Should I use odds ratio or risk ratio?

Question

I am doing a retrospective cohort study with sample size 600 and disease prevalence rate greater than 10%. I am leaning more towards using risk ratio because it is easier to interpret and because disease prevalence is over 10%. Do you have any thoughts on this matter?

Also, if possible can someone briefly explain the differences between odds ratio and risk ratio? A specific and brief example would be helpful.

Thanks in advance.

Answer 1

In a two by two table of exposure $X$ versus response $Y$,

\begin{array}{c|cc} & Y & \bar{Y} \\ \hline X & a & b \\ \bar{X} & c & d \\ \end{array}

The odds ratio is calculated as $ad/bc$ whereas the risk ratio is $a(c+d)/(c(a+b))$.

1. For hypothesis testing, if the OR > 1 then the RR > 1 and the likelihood ratio test for the logistic model is the uniformly most powerful test.
2. The prevalence of the outcome only matters for using the OR as an approximation to the RR - the approximation is good when the outcome is rare, VERY rare. It's best just to report an OR as an OR always.
3. Either modeling approach provides the chance to predict response probabilities across a range of exposures. Without this, I argue an OR or an RR on their own mean very little. Some reviewers demand also to see the risk difference as yet another contrast.

Answer 2

Odds ratio and relative risk are two measures used to describe the likelihood of an event happening. The odds ratio is defined as the ratio of the odds of an event or disease occurring in one group to the odds occurring in another group. The standard formula is $[X/(1-X)]/[Y/(1-Y)]$, where $X$ and $Y$ are the probability of that event in the two groups, respectively. In contrast, the relative risk is the risk of an event or disease relative to exposure. The standard formula is $A/B$.

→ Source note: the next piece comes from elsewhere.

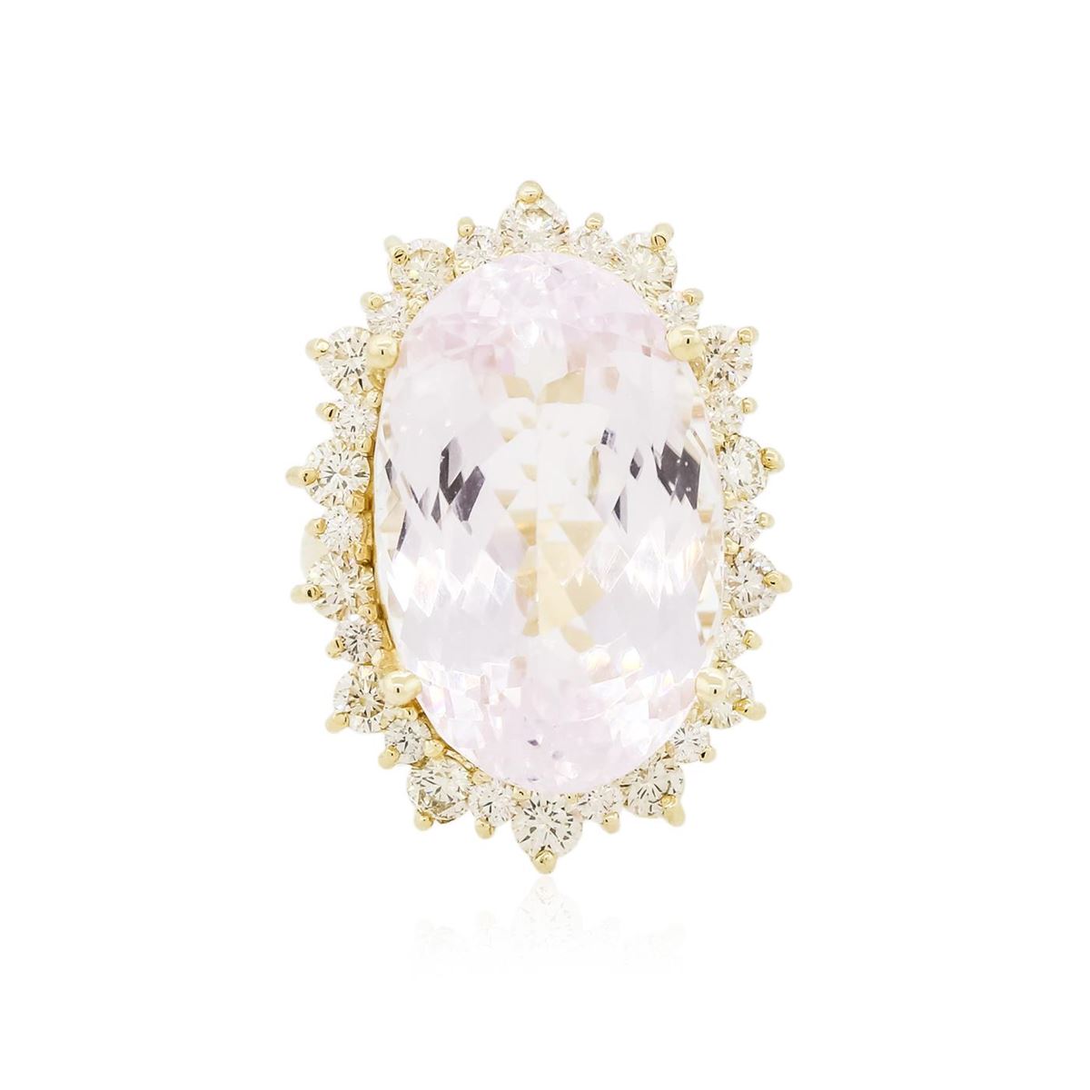 One electronically tested 14KT yellow gold Ladies combination cast & assembled ring with a bright polish finish. Condition is new. Identified with markings of "K14". Containing: One prong set oval modified brilliant cut natural kunzite, measuring 24.27 x 15.67 x 12.17mm, exact weight 37.12ct., clarity is eye clean, light, very slightly grayish, purple color, (GIA P 3/3), cut is good. GIA Report: 615953481.Fourteen prong set round brilliant cut diamonds, measuring 3.00 - 3.00 x 1.80mm (depth est.) approximate. Total Weight of 14 Stones = 1.38ct. Clarity: VS-1 to VS-2. Color: L - M, Cut is Very Good. Fourteen prong set round brilliant cut diamonds, measuring 1.80 - 1.80 x 1.08mm (depth est.) approximate. Total Weight of 14 Stones = 0.30ct. Clarity: VS-2 to SI-1. Color: L - M, Cut is Good. Diamonds graded in the mounting. Total Weight of Colored Stones 37.12ct. Total Weight of Diamonds 1.68ct. Total Weight of Ring 17.40 grams. GGL Appraised at $22,330.00.

For your study, I would strongly suggest to use the risk ratio. A general rule is that when the prevalence of the disease is <10%, the relative risk and the odds ratio tend to be very similar, so that for rare diseases both indexes can be used nearly in an interchangeable manner. On the other hand, for diseases with relatively high prevalences, the odds ratio is considerably different from the relative risk. In particular, it overstates the real effect: the odds ratio is smaller than the relative risk for odds ratios <1 (for example, it could lead to an overestimation of the beneficial effect of a pharmacological agent for the prevention of a disase), and larger than the relative risk for odds ratios >1 (e.g. it could lead to an overestimation of the real effect of a factor in increasing the risk of a disease). Also note that the magnitude of this overestimation increases as both the initial risk (prevalence of the disease) increases and the odds ratio departs from 1.

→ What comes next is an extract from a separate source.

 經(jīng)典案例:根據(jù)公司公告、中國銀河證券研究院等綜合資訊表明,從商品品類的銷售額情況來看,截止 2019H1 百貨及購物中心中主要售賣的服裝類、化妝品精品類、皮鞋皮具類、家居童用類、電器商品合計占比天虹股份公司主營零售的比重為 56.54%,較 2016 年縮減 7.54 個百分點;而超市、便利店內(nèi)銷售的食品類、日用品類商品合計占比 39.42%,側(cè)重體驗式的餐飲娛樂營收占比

Lastly, we have to take into account that odds (unlike risks) are rather difficult to understand, particularly for readers that are not particularly trained in statistics. The risk of an event is a very simple concept: it is the ratio between the number of subjects who experience the event and the total number of subjects at risk. It is classically expressed as a proportion ranging between 0 and 1 or between 0 and 100%. In contrast, the odds of an event is the ratio between the number of subjects who experience the event and those who do not. It ranges from zero to infinity, and is clearly less intuitive. For instance, a relative risk of 70% corresponds to an odds ratio of 0.7/(1-0.7)=2.33: however, it is clearer to say to the layman that a certain risk factor "increases the probability of a disease by 70%" (relative risk) rather than that it "increases the probability of the disease by an odds ratio of 2.33".